This Economist article on Norway should make interesting reading for Canadians interested in questions of energy, environment, and politics. It highlights how Norway is both progressive on climate change – with a carbon tax and a grid almost completely dominated by hydroelectric power – and a major indirect emitter on account of its large exports of oil and gas. Oil and gas sales produced 413 billion kroner ($75 billion Canadian) in revenues in 2008, and such exports have allowed Norway to build up an oil-revenue fund worth 2.1 trillion kroner ($382 billion Canadian).
The challenge of being a hydrocarbon exporter at a time when future human prosperity depends on the fairly rapid abandonment of fossil fuels is an acute one. While carbon capture and storage (CCS) technologies may eventually help square the circle a bit, that is by no means guaranteed. Indeed, placing excessive confidence on the rapid and economical deployment of that technology will leave states in the lurch if it doesn’t deliver as rapidly as promised.
In addition to discussing carbon pricing instruments and oil exports, the article examines the practice of ‘offsetting’ emissions by paying to have them reduced somewhere else, then taking the credit for doing so by counting those avoided emissions against your own. As discussed before, it is an idea not entirely without merit. That being said, it must be rigorously operated, or it will risk being abused.

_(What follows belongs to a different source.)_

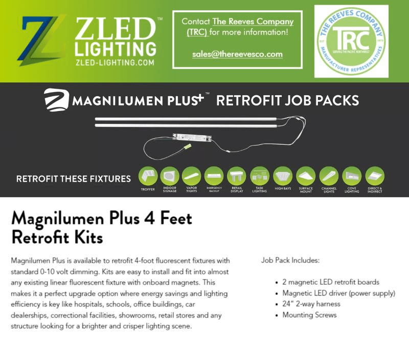 Make old, new again with ZLEDLighting‘s Magnilumen Plus+ 4 Foot Retrofit Kits. Built to retrofit 4 Foot fluorescent fixtures with standard 0-10 volt dimming. With its easy install capabilities, this kit is a perfect upgrade option for:
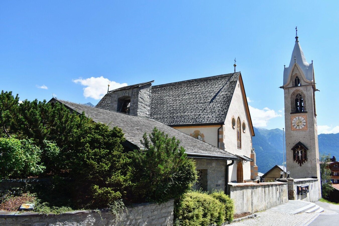 Der Kirchturm ist als sogenannter "Campanille", als freistehender Glockenturm errichtet. Die obere Hälfte wurde um 1500 in gotischen Stil aufgebaut.

Norway’s considerable efforts to respond appropriately to climate change deserve to be both applauded and, where appropriate, replicated in Canada. As for balancing the desire to do what’s right against the temptation of cash for dirty fuels, hopefully Norway will opt to show other oil producers that the temptation can be restrained without destroying prosperity, and that there are big opportunities to be found in alternative, renewable sources of energy. Depressingly, it may only be with strong examples of this type elsewhere that Canada will even begin to seriously contemplate such a shift.